> YOUR INSTRUCTIONS
Using the records below, copy exactly the part that opens with the line holding "Our spiral notebooks" and closes with the line holding "ベルトハンドルやロゴプレート", minus the pictures.
[EXTRACTED DATA]
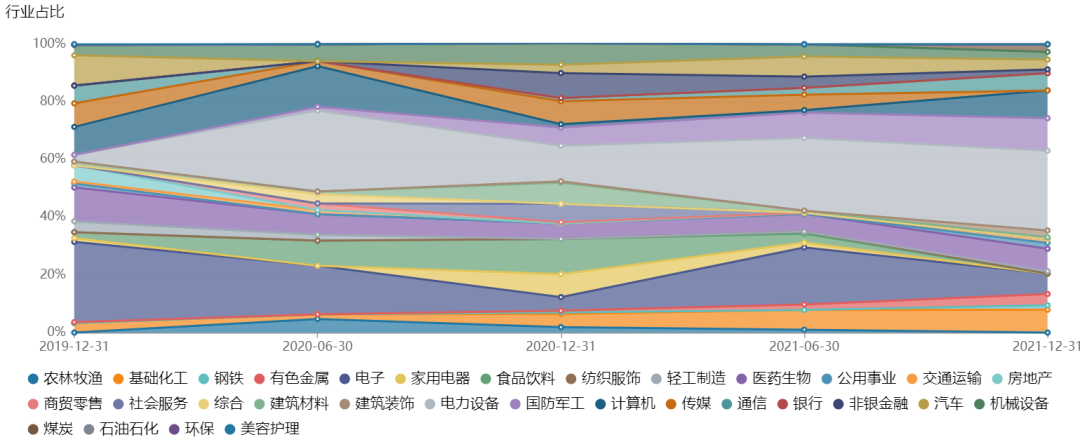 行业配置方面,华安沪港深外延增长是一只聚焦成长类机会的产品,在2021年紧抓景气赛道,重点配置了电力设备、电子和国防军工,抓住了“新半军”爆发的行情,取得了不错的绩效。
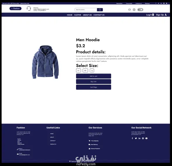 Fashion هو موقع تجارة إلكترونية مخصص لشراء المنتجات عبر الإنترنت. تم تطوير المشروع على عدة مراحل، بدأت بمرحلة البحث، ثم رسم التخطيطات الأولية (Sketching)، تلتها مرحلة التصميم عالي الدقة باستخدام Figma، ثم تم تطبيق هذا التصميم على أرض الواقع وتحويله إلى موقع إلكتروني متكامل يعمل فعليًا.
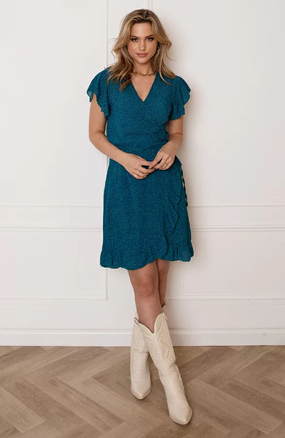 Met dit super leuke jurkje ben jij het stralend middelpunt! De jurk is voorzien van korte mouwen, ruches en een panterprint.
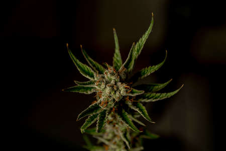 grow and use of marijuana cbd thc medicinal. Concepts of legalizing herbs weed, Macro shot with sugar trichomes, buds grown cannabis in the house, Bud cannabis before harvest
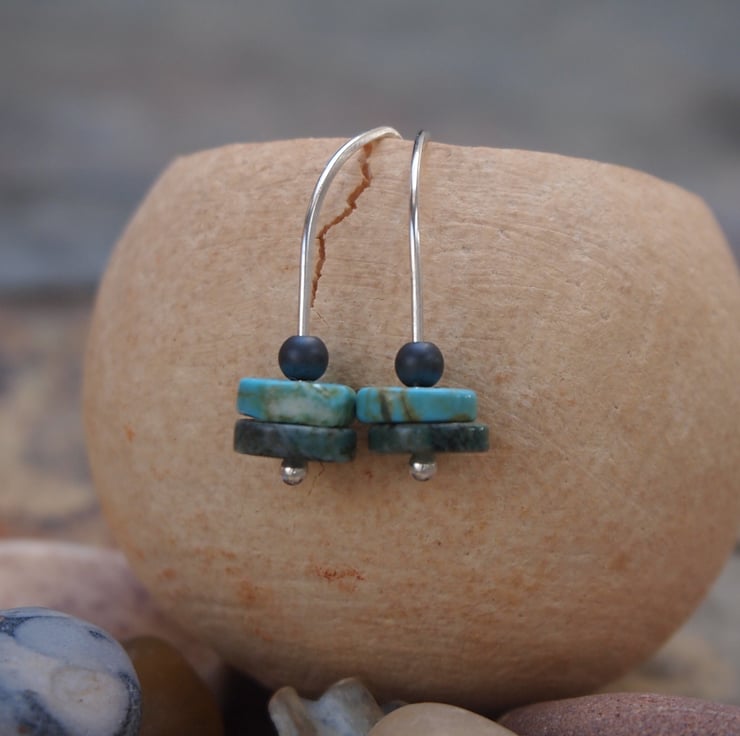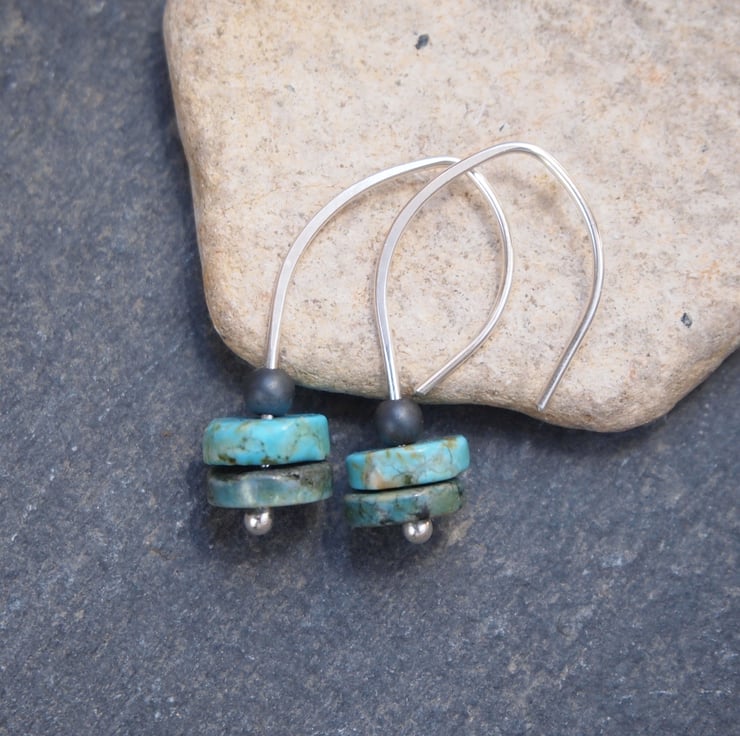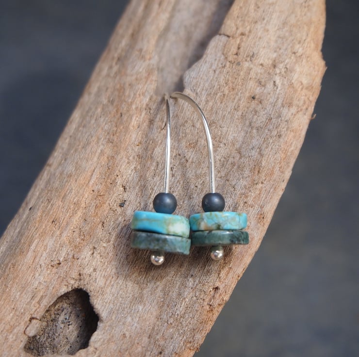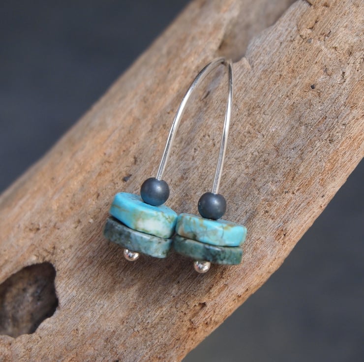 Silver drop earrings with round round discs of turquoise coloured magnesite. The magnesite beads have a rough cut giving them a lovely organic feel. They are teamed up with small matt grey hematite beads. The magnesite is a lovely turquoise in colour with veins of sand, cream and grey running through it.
[/EXTRACTED DATA]
[EXTRACTED DATA]
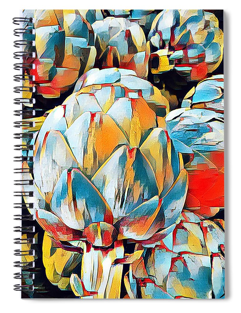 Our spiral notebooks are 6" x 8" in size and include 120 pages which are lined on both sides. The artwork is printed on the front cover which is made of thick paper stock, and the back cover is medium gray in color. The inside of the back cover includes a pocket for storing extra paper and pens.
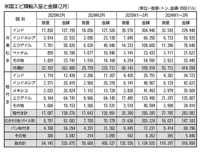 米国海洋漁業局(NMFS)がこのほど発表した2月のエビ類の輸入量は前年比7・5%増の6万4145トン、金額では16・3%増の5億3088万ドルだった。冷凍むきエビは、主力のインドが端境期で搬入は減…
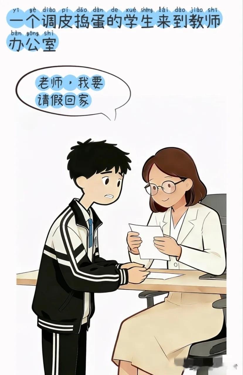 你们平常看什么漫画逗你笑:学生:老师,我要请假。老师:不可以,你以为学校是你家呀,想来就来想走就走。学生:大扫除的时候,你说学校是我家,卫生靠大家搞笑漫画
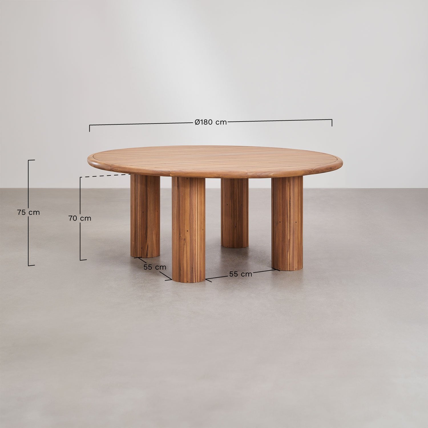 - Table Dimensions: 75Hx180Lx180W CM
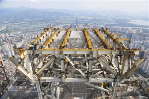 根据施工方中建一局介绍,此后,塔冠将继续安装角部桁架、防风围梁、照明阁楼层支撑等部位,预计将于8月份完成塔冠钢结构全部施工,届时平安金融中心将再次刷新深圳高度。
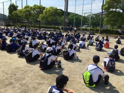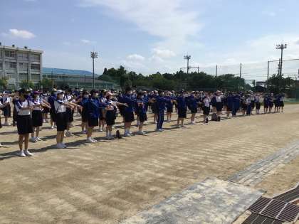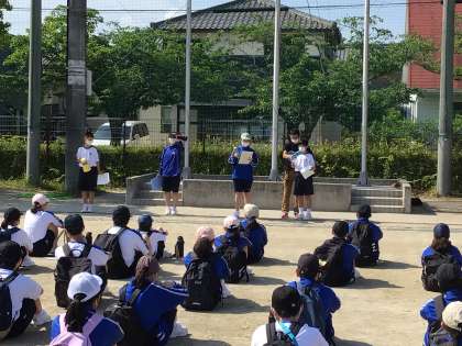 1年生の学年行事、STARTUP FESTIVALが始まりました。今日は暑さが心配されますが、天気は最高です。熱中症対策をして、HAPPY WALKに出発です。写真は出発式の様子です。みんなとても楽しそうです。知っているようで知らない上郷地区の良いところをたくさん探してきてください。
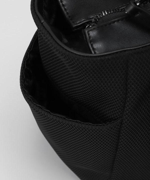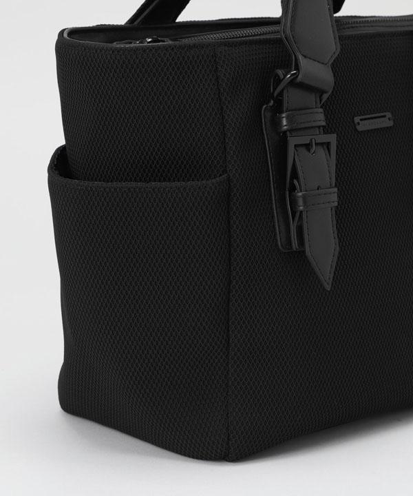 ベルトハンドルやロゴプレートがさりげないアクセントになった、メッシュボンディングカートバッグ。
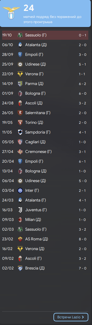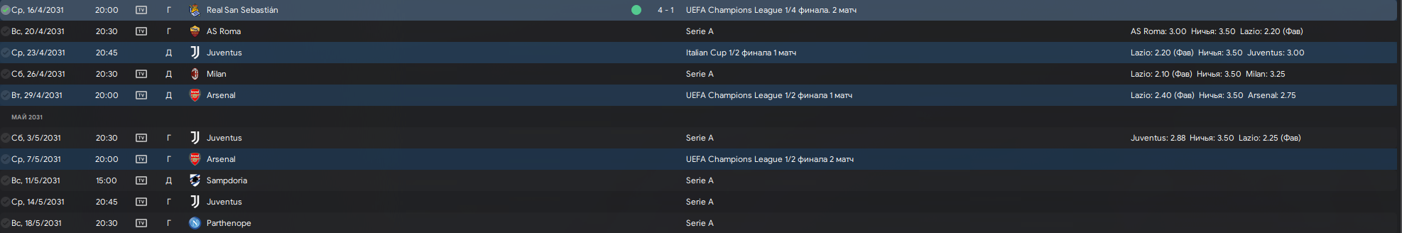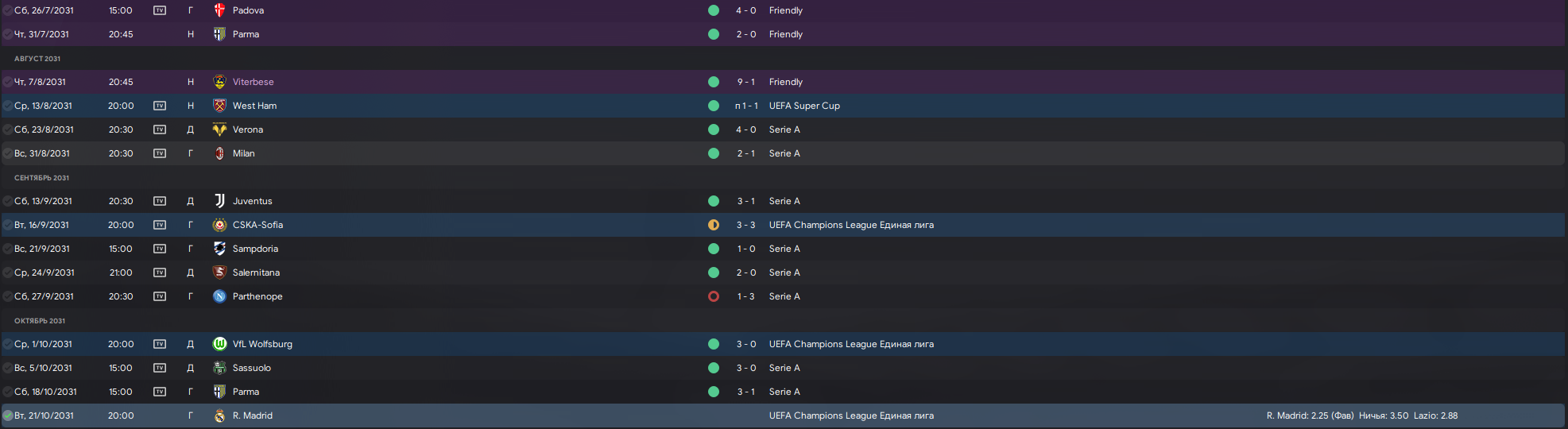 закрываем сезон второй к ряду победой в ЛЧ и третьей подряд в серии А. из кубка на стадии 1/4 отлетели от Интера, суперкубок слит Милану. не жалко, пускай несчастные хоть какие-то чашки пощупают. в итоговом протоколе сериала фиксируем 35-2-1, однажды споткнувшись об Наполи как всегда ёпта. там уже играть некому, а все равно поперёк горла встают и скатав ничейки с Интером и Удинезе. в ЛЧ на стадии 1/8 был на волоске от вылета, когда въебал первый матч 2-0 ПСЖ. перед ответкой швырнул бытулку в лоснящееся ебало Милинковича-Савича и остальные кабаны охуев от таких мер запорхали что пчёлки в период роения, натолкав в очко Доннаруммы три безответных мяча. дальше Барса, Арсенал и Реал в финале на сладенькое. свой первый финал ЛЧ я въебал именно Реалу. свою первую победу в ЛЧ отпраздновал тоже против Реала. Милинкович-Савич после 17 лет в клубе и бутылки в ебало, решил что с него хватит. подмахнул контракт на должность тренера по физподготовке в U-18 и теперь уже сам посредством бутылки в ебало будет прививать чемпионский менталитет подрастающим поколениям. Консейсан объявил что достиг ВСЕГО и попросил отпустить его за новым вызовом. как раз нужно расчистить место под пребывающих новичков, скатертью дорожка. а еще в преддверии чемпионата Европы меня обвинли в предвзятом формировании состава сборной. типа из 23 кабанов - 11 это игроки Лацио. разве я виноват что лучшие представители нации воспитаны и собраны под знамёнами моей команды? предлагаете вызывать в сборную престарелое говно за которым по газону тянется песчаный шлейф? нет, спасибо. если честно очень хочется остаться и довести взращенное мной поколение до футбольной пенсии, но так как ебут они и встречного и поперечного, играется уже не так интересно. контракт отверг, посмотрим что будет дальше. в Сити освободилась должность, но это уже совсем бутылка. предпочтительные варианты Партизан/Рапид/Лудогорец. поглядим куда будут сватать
[/EXTRACTED DATA]
[EXTRACTED DATA]
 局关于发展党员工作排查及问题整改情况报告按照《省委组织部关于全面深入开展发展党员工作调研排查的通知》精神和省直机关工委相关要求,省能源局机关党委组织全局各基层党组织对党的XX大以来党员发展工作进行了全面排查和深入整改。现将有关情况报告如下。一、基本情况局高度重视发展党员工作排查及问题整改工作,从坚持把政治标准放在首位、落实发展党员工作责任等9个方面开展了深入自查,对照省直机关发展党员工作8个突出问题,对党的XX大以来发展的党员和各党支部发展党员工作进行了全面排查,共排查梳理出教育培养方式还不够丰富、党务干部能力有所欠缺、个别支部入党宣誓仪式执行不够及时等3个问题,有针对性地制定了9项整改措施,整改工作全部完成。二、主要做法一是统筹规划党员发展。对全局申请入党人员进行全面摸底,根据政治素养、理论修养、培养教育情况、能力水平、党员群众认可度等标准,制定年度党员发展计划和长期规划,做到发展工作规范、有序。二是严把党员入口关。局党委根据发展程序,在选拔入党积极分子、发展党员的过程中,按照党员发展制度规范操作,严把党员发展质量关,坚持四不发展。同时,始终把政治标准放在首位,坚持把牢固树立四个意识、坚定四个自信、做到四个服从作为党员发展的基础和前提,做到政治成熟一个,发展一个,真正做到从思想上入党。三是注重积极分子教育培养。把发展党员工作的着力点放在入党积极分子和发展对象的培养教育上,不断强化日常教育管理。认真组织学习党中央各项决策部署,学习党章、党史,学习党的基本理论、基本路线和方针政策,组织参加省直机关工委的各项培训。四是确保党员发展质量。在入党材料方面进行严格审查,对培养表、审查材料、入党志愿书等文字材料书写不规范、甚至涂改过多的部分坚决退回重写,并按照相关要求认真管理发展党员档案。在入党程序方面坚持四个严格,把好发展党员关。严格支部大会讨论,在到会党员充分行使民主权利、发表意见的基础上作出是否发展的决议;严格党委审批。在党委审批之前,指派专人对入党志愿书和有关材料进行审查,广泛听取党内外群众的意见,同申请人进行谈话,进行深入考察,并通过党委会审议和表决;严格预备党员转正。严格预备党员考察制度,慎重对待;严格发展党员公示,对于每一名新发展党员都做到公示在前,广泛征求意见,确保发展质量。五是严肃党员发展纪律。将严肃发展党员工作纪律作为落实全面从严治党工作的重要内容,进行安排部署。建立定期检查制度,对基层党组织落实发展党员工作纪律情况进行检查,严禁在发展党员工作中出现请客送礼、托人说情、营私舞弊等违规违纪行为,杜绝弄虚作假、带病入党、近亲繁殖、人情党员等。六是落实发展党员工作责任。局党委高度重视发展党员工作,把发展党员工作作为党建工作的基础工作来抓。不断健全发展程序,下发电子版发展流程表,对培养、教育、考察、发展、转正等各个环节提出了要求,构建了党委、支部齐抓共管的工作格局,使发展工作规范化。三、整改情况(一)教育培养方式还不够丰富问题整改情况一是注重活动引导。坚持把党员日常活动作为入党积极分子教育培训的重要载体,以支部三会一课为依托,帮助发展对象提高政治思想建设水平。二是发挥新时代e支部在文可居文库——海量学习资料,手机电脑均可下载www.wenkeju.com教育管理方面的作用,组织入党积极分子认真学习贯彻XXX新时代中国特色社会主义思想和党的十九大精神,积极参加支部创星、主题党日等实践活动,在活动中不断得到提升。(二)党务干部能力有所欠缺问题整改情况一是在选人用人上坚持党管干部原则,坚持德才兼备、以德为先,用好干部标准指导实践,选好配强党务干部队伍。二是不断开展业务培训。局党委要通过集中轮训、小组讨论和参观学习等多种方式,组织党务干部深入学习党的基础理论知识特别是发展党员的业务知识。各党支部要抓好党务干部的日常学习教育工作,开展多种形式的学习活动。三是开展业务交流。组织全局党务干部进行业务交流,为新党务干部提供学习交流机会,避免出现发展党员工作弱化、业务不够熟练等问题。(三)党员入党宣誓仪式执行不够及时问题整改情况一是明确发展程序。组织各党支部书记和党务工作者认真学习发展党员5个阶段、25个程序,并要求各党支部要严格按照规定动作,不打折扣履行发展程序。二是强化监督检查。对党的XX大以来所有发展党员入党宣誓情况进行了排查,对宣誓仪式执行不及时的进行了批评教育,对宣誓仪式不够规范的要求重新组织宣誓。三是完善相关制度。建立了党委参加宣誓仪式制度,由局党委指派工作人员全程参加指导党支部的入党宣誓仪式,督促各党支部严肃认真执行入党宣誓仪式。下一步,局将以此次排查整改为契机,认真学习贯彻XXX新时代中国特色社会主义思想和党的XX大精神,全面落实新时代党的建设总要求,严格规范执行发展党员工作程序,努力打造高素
[/EXTRACTED DATA]
> EXPECTED OUTPUT
 Our spiral notebooks are 6" x 8" in size and include 120 pages which are lined on both sides. The artwork is printed on the front cover which is made of thick paper stock, and the back cover is medium gray in color. The inside of the back cover includes a pocket for storing extra paper and pens.
 米国海洋漁業局(NMFS)がこのほど発表した2月のエビ類の輸入量は前年比7・5%増の6万4145トン、金額では16・3%増の5億3088万ドルだった。冷凍むきエビは、主力のインドが端境期で搬入は減…
 你们平常看什么漫画逗你笑:学生:老师,我要请假。老师:不可以,你以为学校是你家呀,想来就来想走就走。学生:大扫除的时候,你说学校是我家,卫生靠大家搞笑漫画
 - Table Dimensions: 75Hx180Lx180W CM
 根据施工方中建一局介绍,此后,塔冠将继续安装角部桁架、防风围梁、照明阁楼层支撑等部位,预计将于8月份完成塔冠钢结构全部施工,届时平安金融中心将再次刷新深圳高度。
 1年生の学年行事、STARTUP FESTIVALが始まりました。今日は暑さが心配されますが、天気は最高です。熱中症対策をして、HAPPY WALKに出発です。写真は出発式の様子です。みんなとても楽しそうです。知っているようで知らない上郷地区の良いところをたくさん探してきてください。
 ベルトハンドルやロゴプレートがさりげないアクセントになった、メッシュボンディングカートバッグ。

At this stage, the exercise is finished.